The function `sweep` facilitates this type of operation. It works similarly to `apply`. It takes each entry of a vector and applies an arithmetic operation to the corresponding row. Subtraction is the default arithmetic operation. So, for example, to center each row around the average, we can use:
```{r}
#| eval: false
sweep(x, 1, rowMeans(x))
```
### Task 6: Standardize the digits {.unnumbered}
The way R vectorizes arithmetic operations implies that we can scale each row of a matrix as follows:
```{r, eval=FALSE}
(x - rowMeans(x))/rowSds(x)
```
Yet this approach does not work for columns. For columns, we can `sweep`:
```{r, eval=FALSE}
x_mean_0 <- sweep(x, 2, colMeans(x))
```
To divide by the standard deviation, we change the default arithmetic operation to division as follows:
```{r, eval=FALSE}
x_standardized <- sweep(x_mean_0, 2, colSds(x), FUN = "/")
```
In R, if you add, subtract, multiple or divide two matrices, the operation is done elementwise. For example, if two matrices are stored in `x` and `y`, then:
```{r, eval=FALSE}
x*y
```
does not result in matrix multiplication. Instead, the entry in row $i$ and column $j$ of this product is the product of the entry in row $i$ and column $j$ of `x` and `y`, respectively.
## Exercises
1\. Create a 100 by 10 matrix of randomly generated normal numbers. Put the result in `x`.
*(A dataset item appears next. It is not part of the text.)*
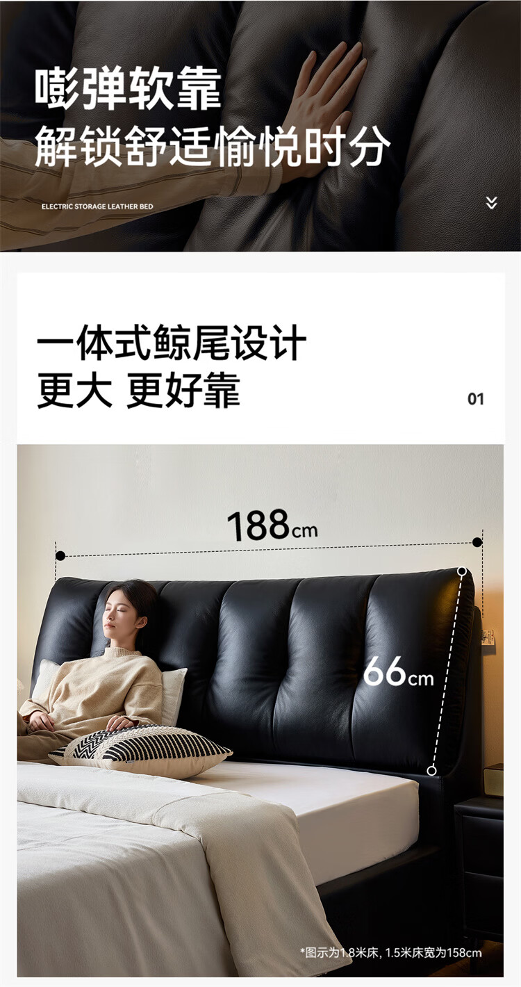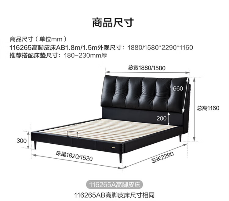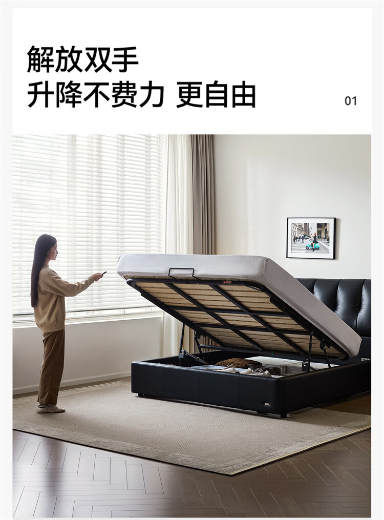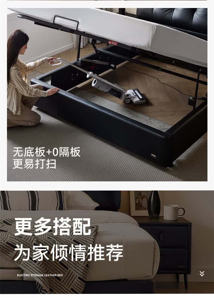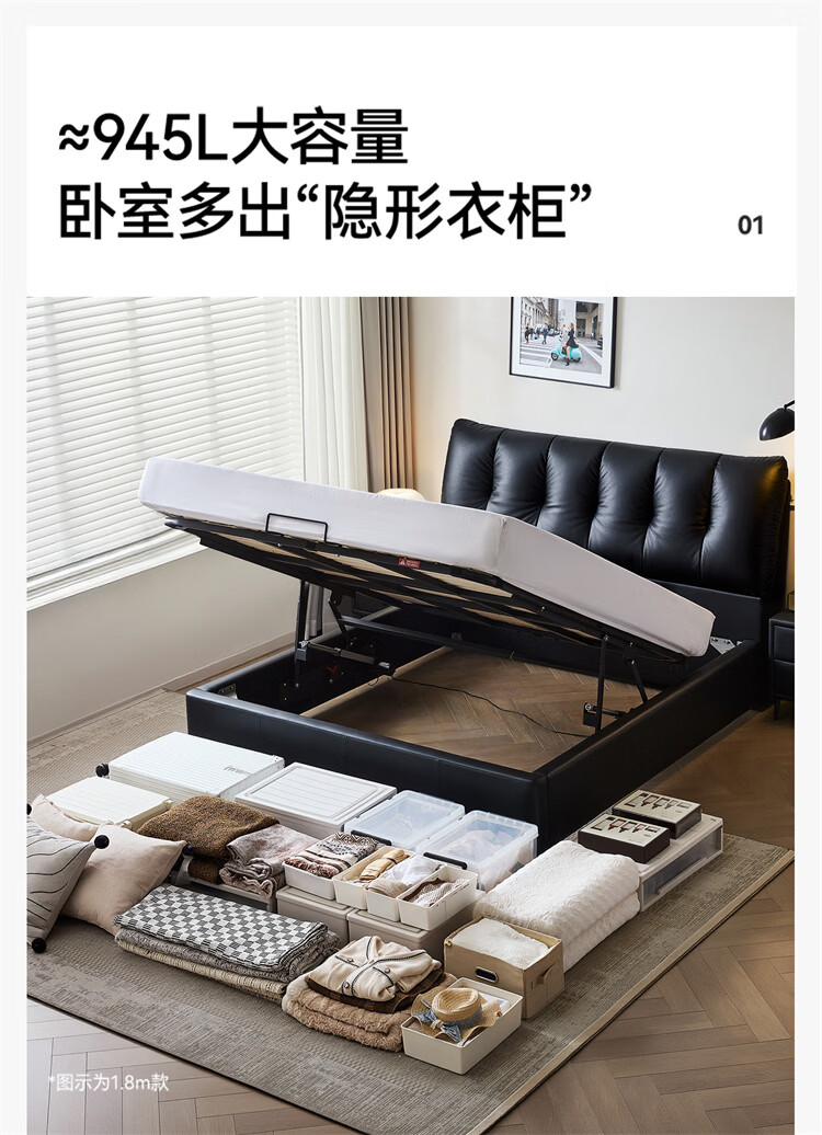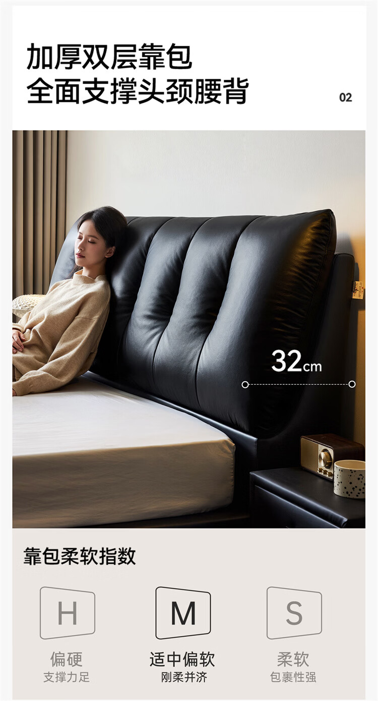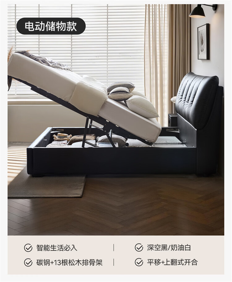 全友家居现代简约皮艺床家用卧室轻奢高级感2026新款床加床垫一套组合 【母婴级牛皮 | 深空黑 | 高脚床】 1.8米x2米 单床

2\. Apply the three R functions that give you the dimension of `x`, the number of rows of `x`, and the number of columns of `x`, respectively.
3\. Add the scalar 1 to row 1, the scalar 2 to row 2, and so on, to the matrix `x`.
4\. Add the scalar 1 to column 1, the scalar 2 to column 2, and so on, to the matrix `x`. Hint: Use `sweep` with `FUN = "+"`.
5\. Compute the average of each row of `x`.
6\. Compute the average of each column of `x`.
7\. For each digit in the MNIST training data, compute the proportion of pixels that are in a *grey area*, defined as values between 50 and 205. Make a boxplot by digit class. Hint: Use logical operators and `rowMeans`.